■ **PROBLEM DESCRIPTION**
Go to the line holding "SSG닷컴에서 쉬크 쉐이브" in the data below and repeat it exactly, then each line after it up to and including the one holding "ชุดหม้อและกระทะอลูมิเนียมน้ำหนักเบา ที่ออกแบบมาสำหรับกลุ่ม 2-3". Omit pictures.
EXERCISE MATERIALS section start
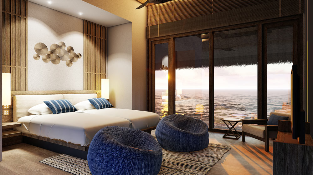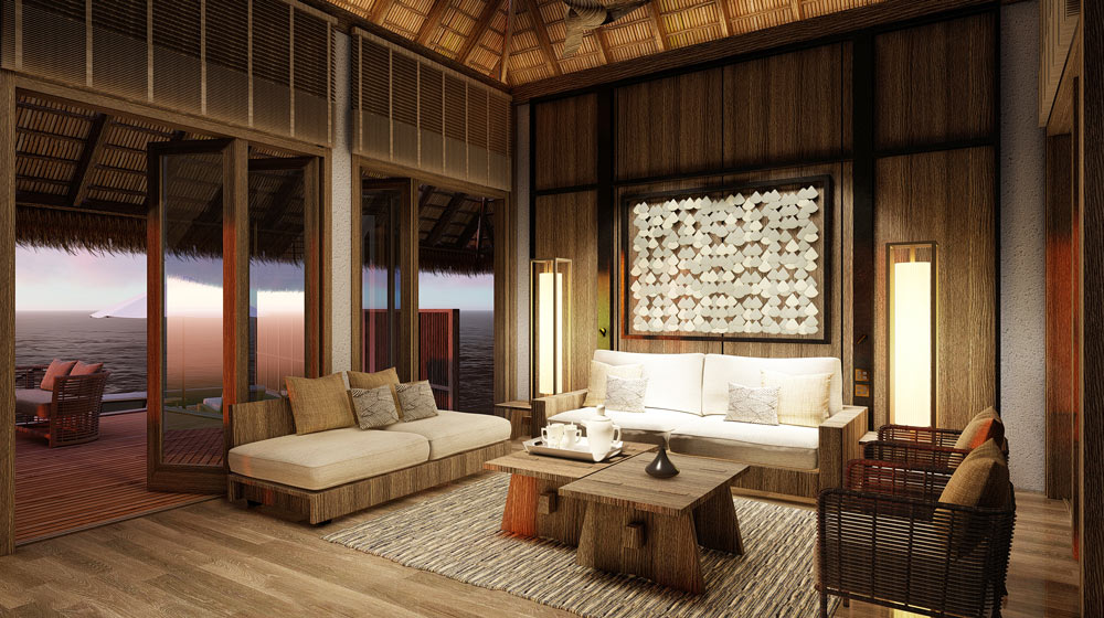 The in-demand Family Water Villa will also be transformed into two villa types and renamed Two-Bedroom Grand Water Villa and Two-Bedroom Grand Water Villa with Pool. The design of the Two-Bedroom accommodation will be similar to the Grand Water Villas, but it will offer two bedrooms instead of one and can host any group of guests. Set on stilts over the Indian Ocean, the villas offer views of either the lagoon or ocean and a sunset or sunrise view and can sleep a maximum of four persons — two adults and two children or four adults.
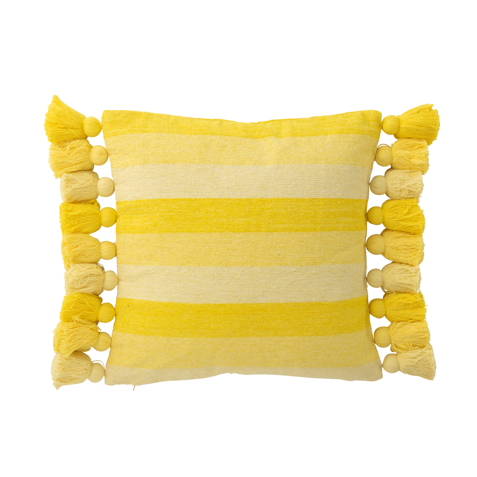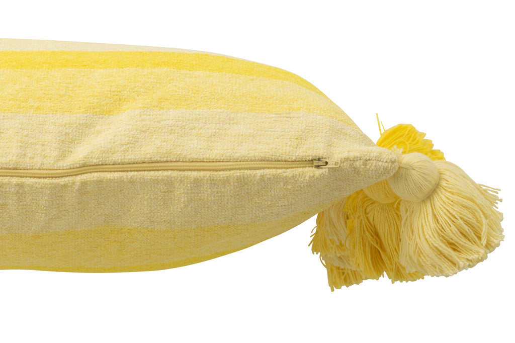 Kussen Strepen + Kwastjes Katoen Geel J-Line
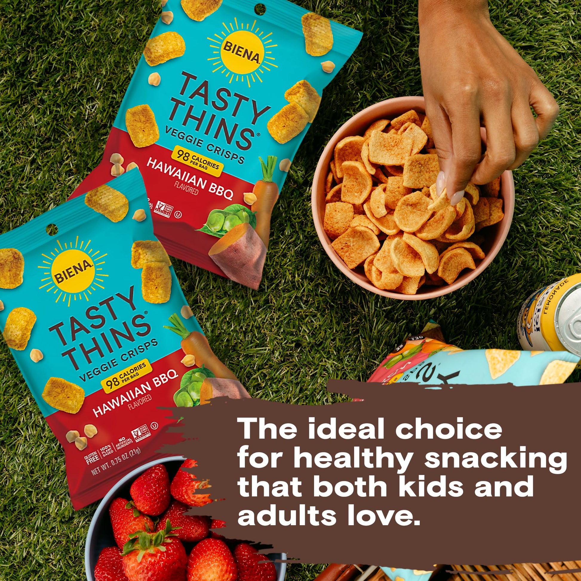 Q: Can I use BIENA Tasty Thins Veggie Crisps for dipping?A: Absolutely! BIENA Tasty Thins Veggie Crisps are perfect for dipping due to their crunchy texture and delicious Hawaiian BBQ flavor, enhancing your snacking experience.
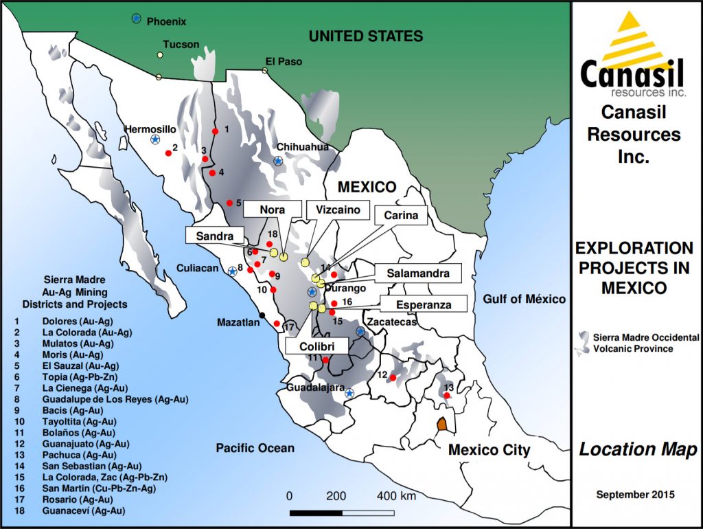 Canasil is a Canadian mineral exploration company with a strong portfolio of 100% owned silver-gold-copper-lead-zinc projects in Durango and Zacatecas States, Mexico, and in British Columbia, Canada. The Company’s directors and management include industry professionals with a track record of identifying and advancing successful mineral exploration projects through to discovery and further development. The Company is actively engaged in the exploration of its mineral properties, and maintains an operating subsidiary in Durango, Mexico, with full time geological and support staff for its operations in Mexico.
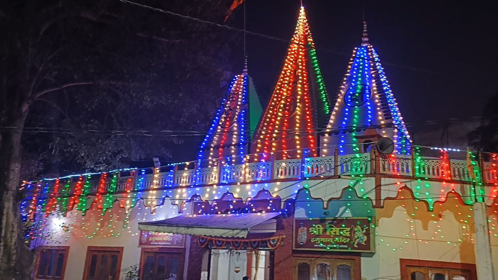 हनुमान मंदिर कोसाबाड़ी तथा कोसाबाड़ी चौक को ध्वज,केसरिया झंडे से सजाया गया है। मंदिर में आज सुबह से भक्ति गीत,भजन गाये जा रहे हैं।
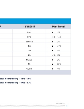 7 12/31/2017 Plan Trend 6,931 ▲ 2% 87% ◄ ► 14% $64,672 ▲ 2% 4.8 ▲ 41% 728 ▼ 1% 9% ◄ ► 0% $9,023 ▲ 2% 73 ▲ 20% 12,878 ▲ 1% total # contributing – 4273 – 76% total # contributing – 4956 – 87% RS-41492-01 3
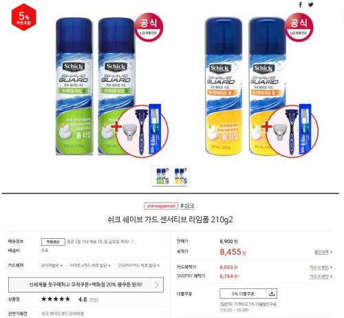 SSG닷컴에서 쉬크 쉐이브 가드 2종 210G X 2개 + 사은품 3종으로 8033원에 무료배송으로 팔고있습니다. 쉐이빙폼
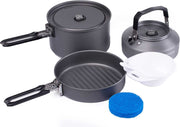 ชุดหม้อและกระทะอลูมิเนียมน้ำหนักเบา ที่ออกแบบมาสำหรับกลุ่ม 2-3 คน สามารถแพ็คเก็บเป็นชุดได้ ไม่กินพื้นที่ในกระเป๋า
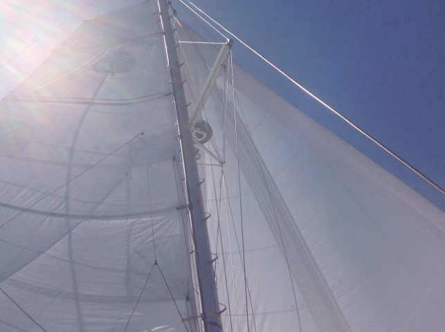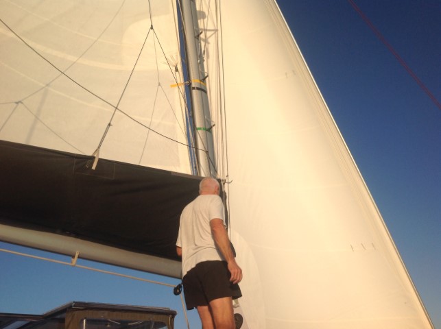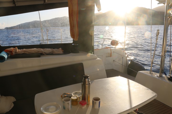 Morgens geht es früh los: Um 6 Uhr erwache ich und beginne mit seeklar machen. Viel haben wir gestern Abend schon erledigt. Heute noch Logbuch, Navigationselektronik klar machen und Groß vorheißen. Beim Ankeraufnehmen kommen die beiden Mädels an Oberdeck: Klar, das macht Krach, den man nicht überhören kann…
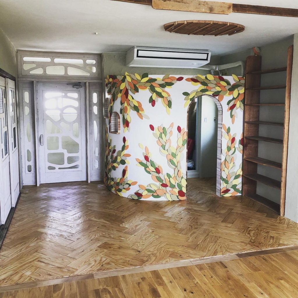 色とりどりの葉っぱがツタのように絡まる壁の小さいアーチ状出入口に飾り棚・・・
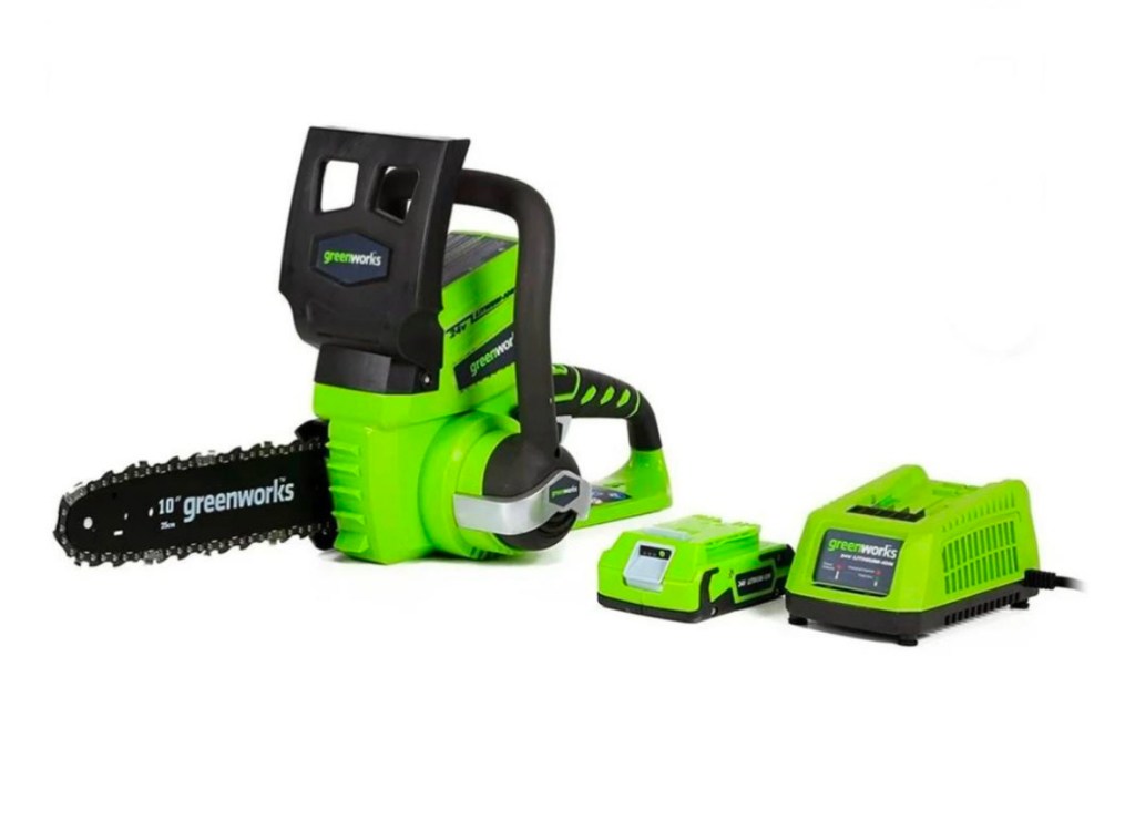 $68.00 reg $129.99 Greenworks 24V 10″ Cordless Chainsaw with 2.0 Ah Battery & Charger 20362
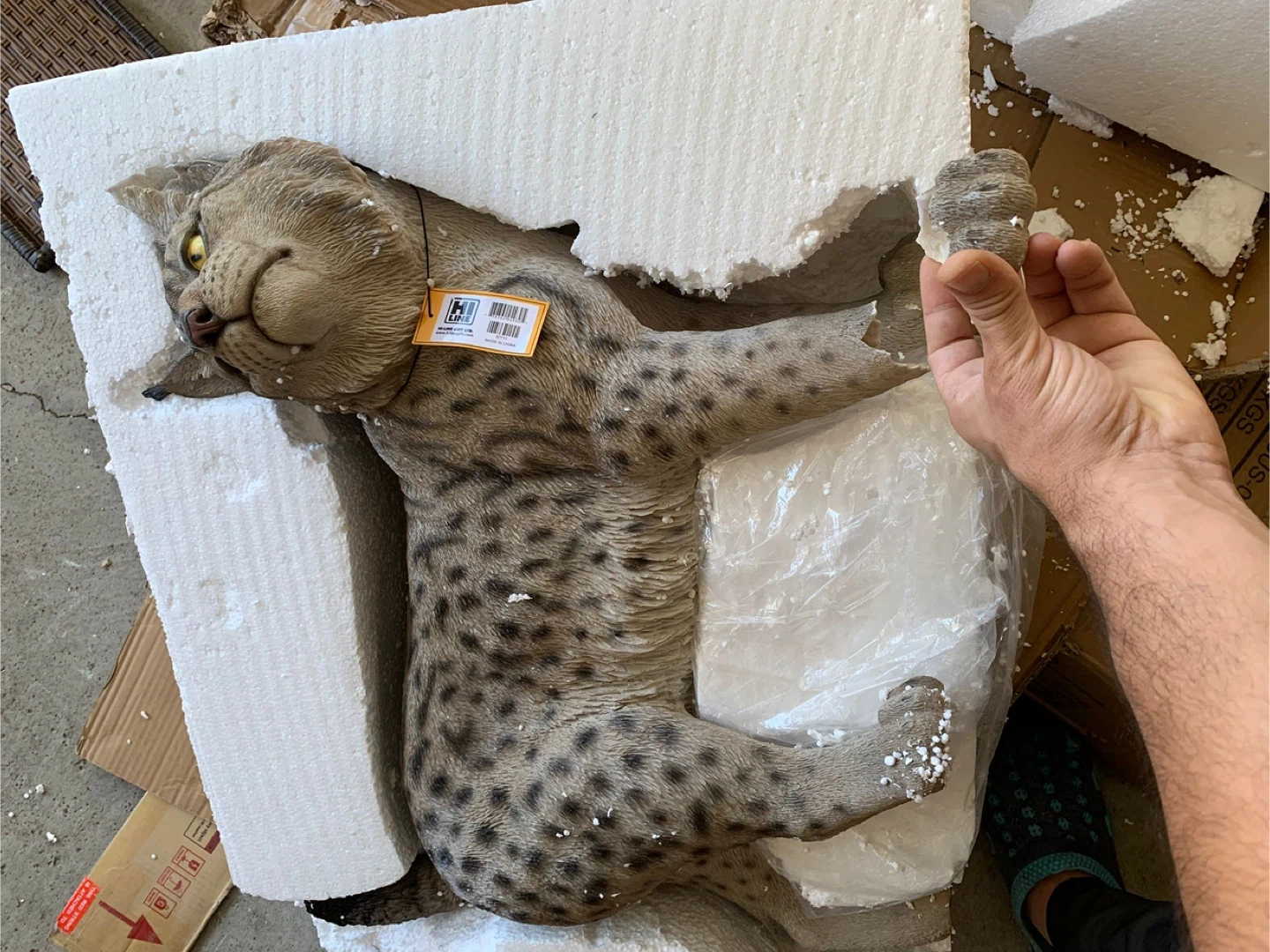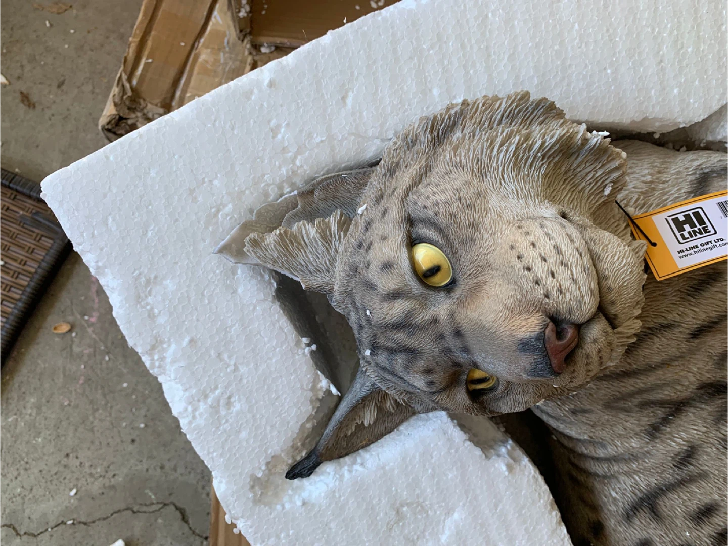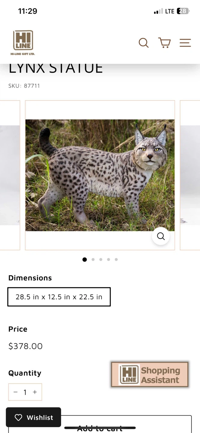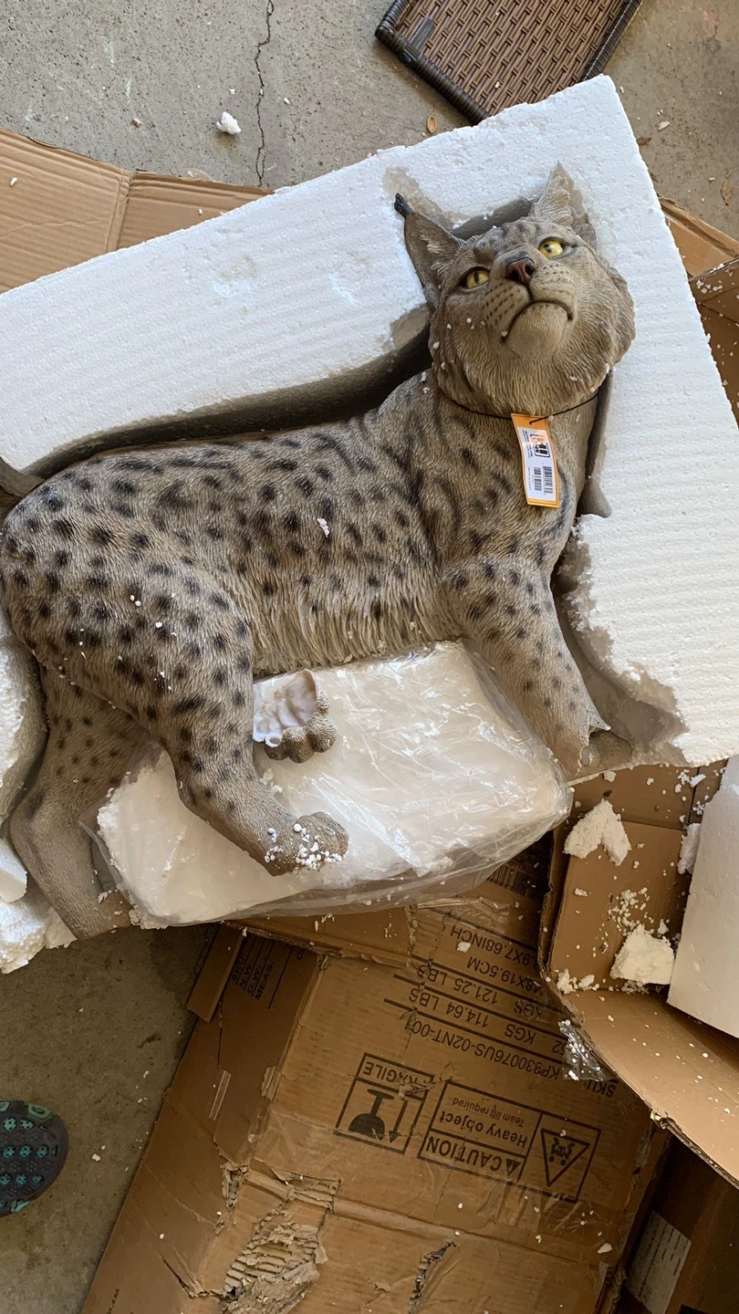 I have a Hi-Line Gift Lynx Statue for sale! It is in great condition and comes in the original box. Dimensions: 28.5 in x 12.5 in x 22.5 in Broken foot fixable for some one has knowledge about arts. 100 priced to sell One ear also has someparts cracked will show it in the picture
EXERCISE MATERIALS section end
■ **ANSWER**
 SSG닷컴에서 쉬크 쉐이브 가드 2종 210G X 2개 + 사은품 3종으로 8033원에 무료배송으로 팔고있습니다. 쉐이빙폼
 ชุดหม้อและกระทะอลูมิเนียมน้ำหนักเบา ที่ออกแบบมาสำหรับกลุ่ม 2-3 คน สามารถแพ็คเก็บเป็นชุดได้ ไม่กินพื้นที่ในกระเป๋า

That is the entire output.